** DATA FOR REVIEW **
>>>>

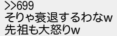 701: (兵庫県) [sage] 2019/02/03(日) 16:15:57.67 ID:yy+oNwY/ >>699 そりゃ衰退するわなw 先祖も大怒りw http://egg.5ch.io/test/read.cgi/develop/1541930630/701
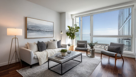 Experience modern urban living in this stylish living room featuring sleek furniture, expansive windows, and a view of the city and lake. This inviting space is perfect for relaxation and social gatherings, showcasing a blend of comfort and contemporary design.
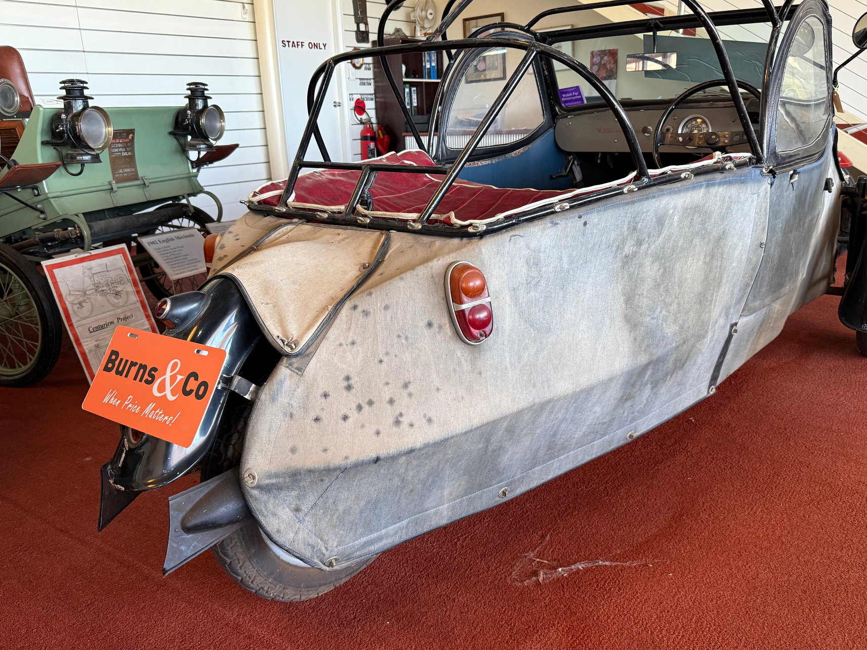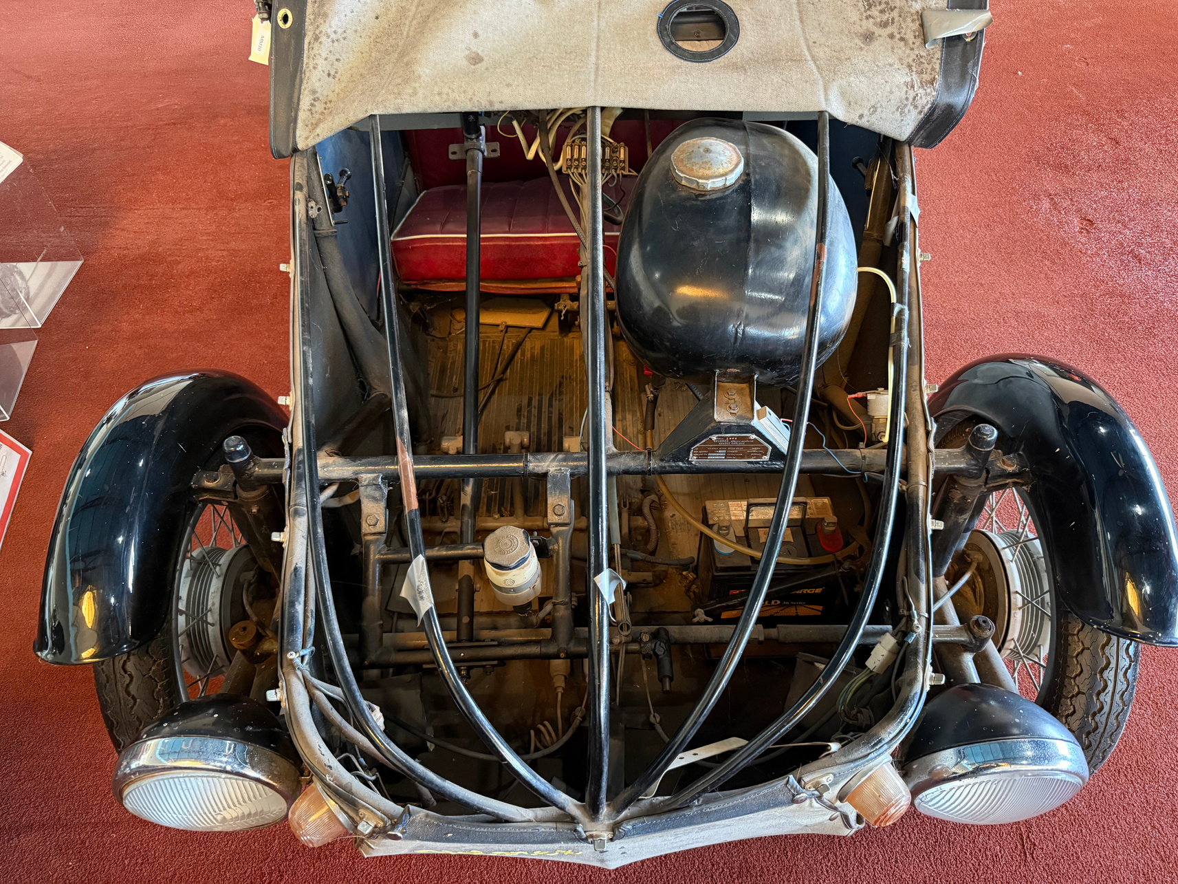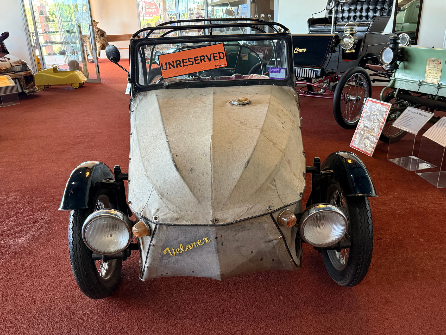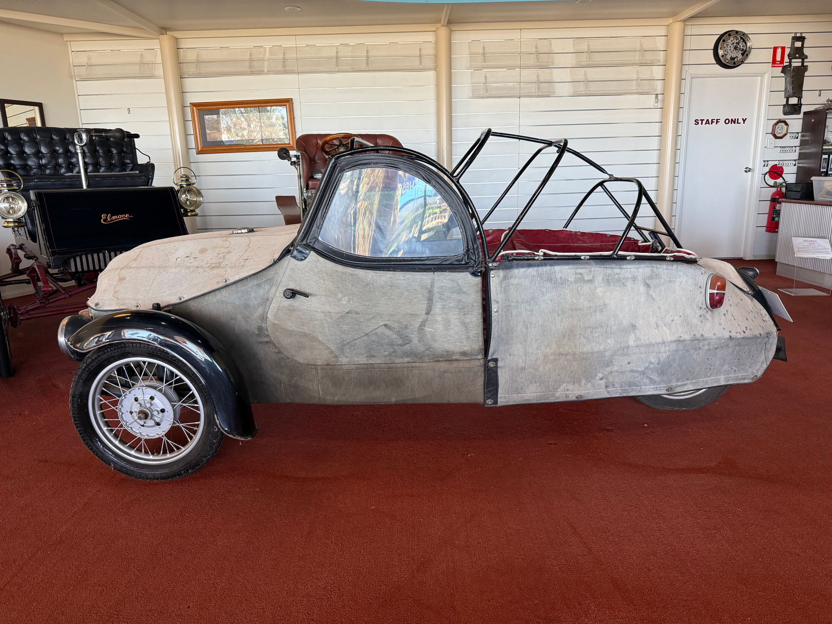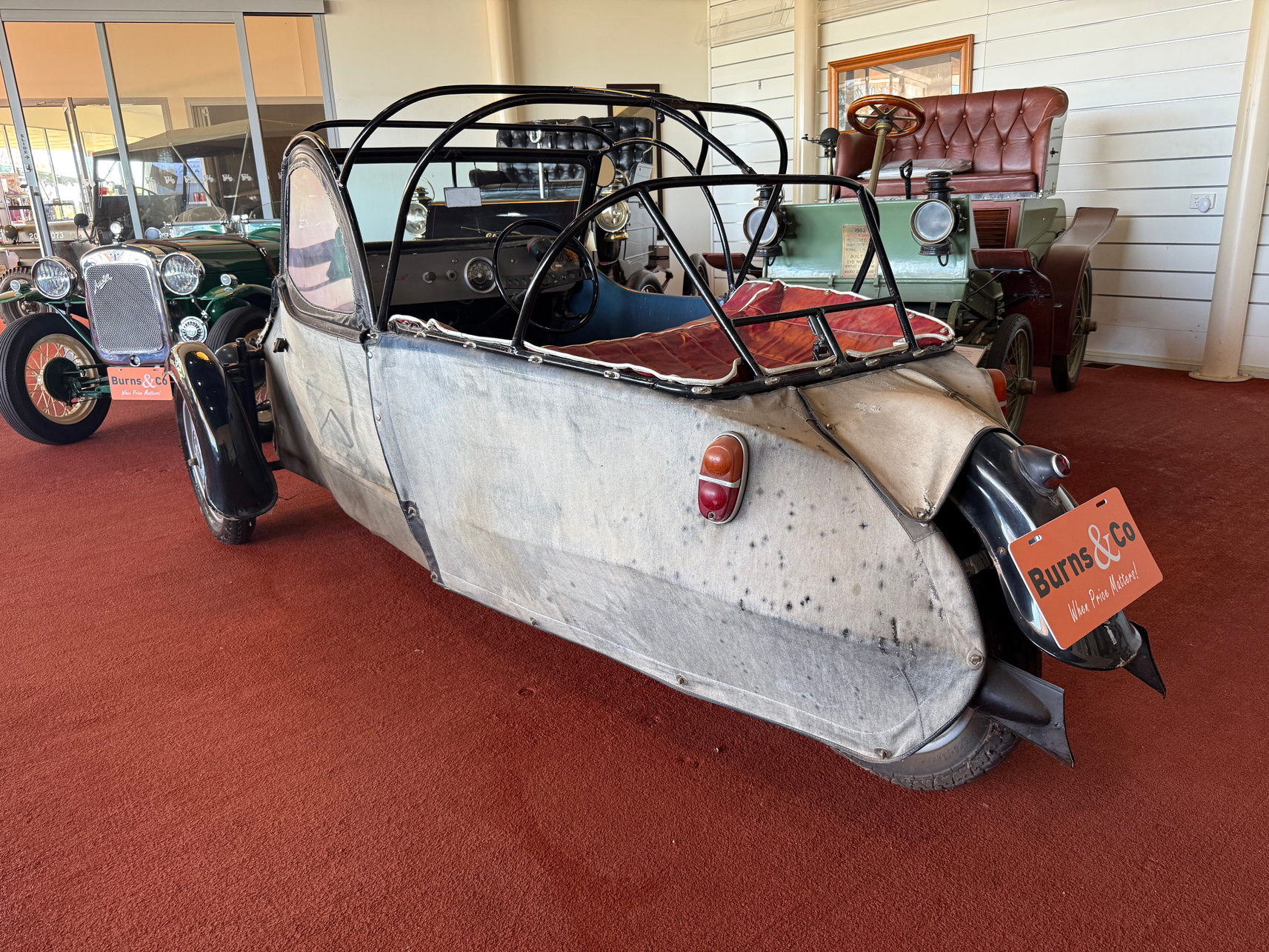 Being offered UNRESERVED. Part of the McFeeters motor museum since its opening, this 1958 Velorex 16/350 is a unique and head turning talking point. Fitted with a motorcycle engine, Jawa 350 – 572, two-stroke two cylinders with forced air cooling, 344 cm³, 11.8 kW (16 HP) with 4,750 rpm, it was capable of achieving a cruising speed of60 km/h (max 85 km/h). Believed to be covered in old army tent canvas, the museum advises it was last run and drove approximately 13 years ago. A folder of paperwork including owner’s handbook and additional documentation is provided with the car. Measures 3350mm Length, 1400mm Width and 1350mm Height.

<<<<
>>>>

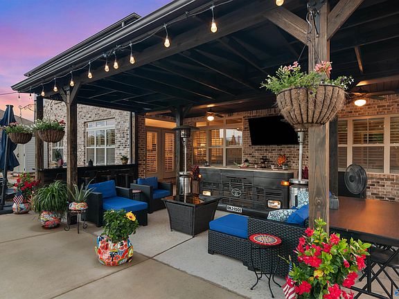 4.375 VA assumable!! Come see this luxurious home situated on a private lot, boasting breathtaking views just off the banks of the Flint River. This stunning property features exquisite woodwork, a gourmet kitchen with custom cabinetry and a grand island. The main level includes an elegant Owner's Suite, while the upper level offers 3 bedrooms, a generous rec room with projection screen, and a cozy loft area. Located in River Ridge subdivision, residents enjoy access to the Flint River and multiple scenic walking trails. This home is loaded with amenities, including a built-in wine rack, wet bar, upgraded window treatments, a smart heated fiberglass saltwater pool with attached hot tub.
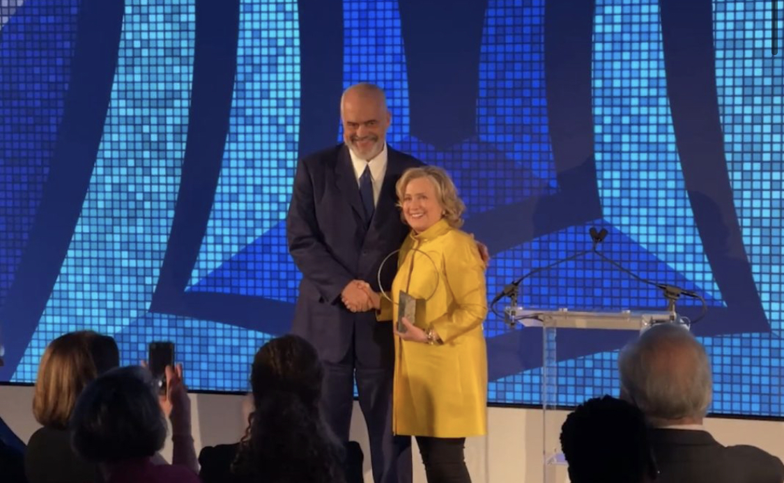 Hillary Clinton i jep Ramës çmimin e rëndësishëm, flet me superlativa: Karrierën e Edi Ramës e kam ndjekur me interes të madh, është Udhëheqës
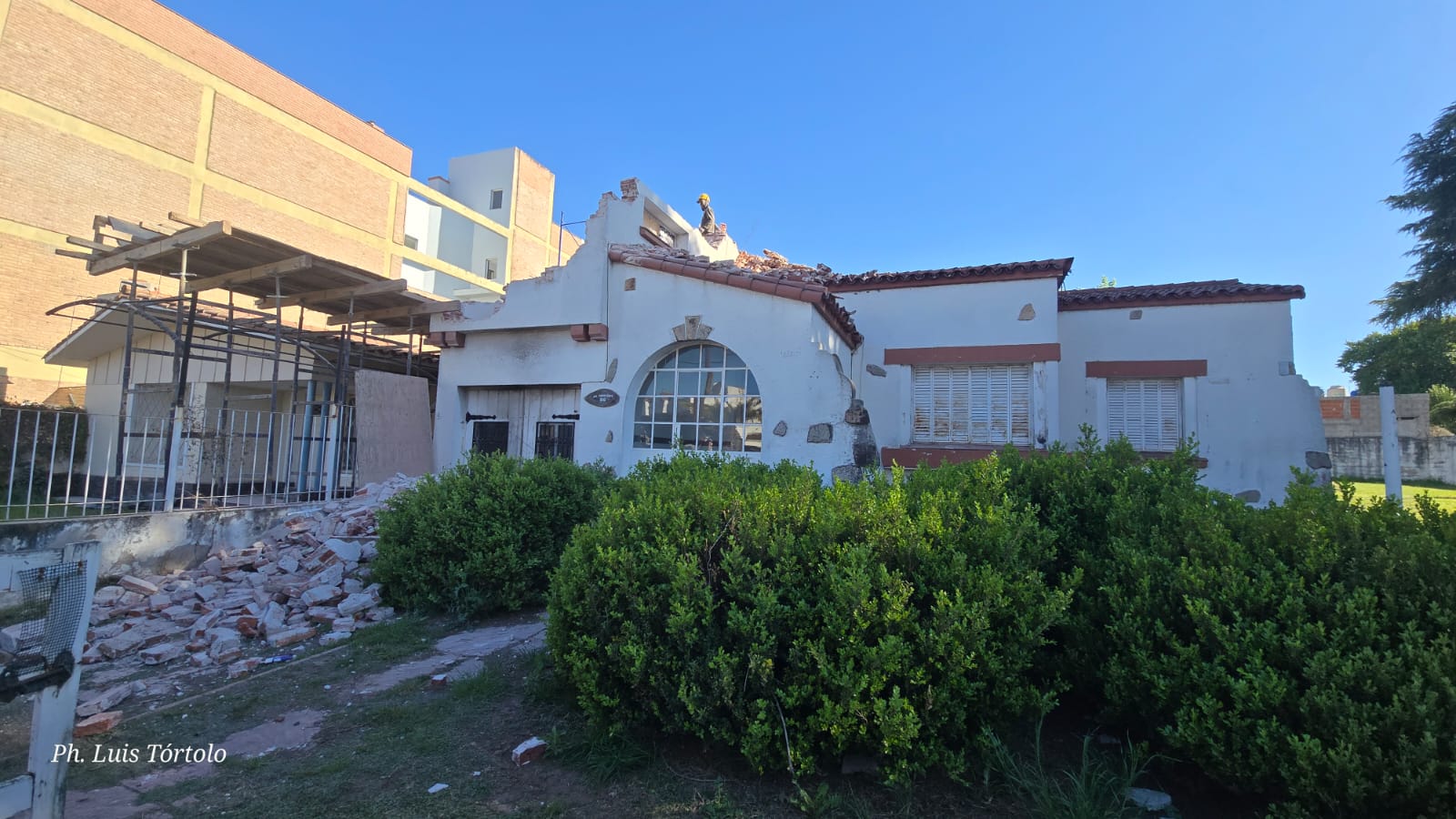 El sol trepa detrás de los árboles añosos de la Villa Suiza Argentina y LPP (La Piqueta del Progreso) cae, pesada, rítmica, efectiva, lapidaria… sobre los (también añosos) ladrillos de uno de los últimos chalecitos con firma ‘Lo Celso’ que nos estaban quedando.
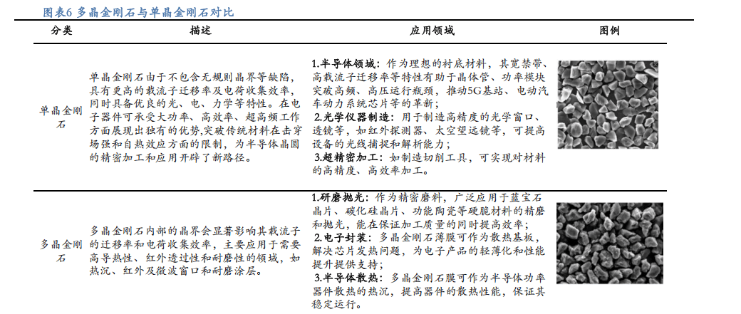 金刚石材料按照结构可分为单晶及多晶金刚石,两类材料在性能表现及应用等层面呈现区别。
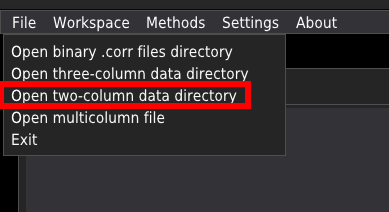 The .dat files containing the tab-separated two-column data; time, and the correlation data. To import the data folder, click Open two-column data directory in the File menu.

<<<<

** EXERCISE DETAILS **
Retype only the lines above from the one with "金刚石材料按照结构可分为单晶" through the one with "The .dat files", exactly and with both ends. Images stay out.

** REPLY **
 金刚石材料按照结构可分为单晶及多晶金刚石,两类材料在性能表现及应用等层面呈现区别。
 The .dat files containing the tab-separated two-column data; time, and the correlation data. To import the data folder, click Open two-column data directory in the File menu.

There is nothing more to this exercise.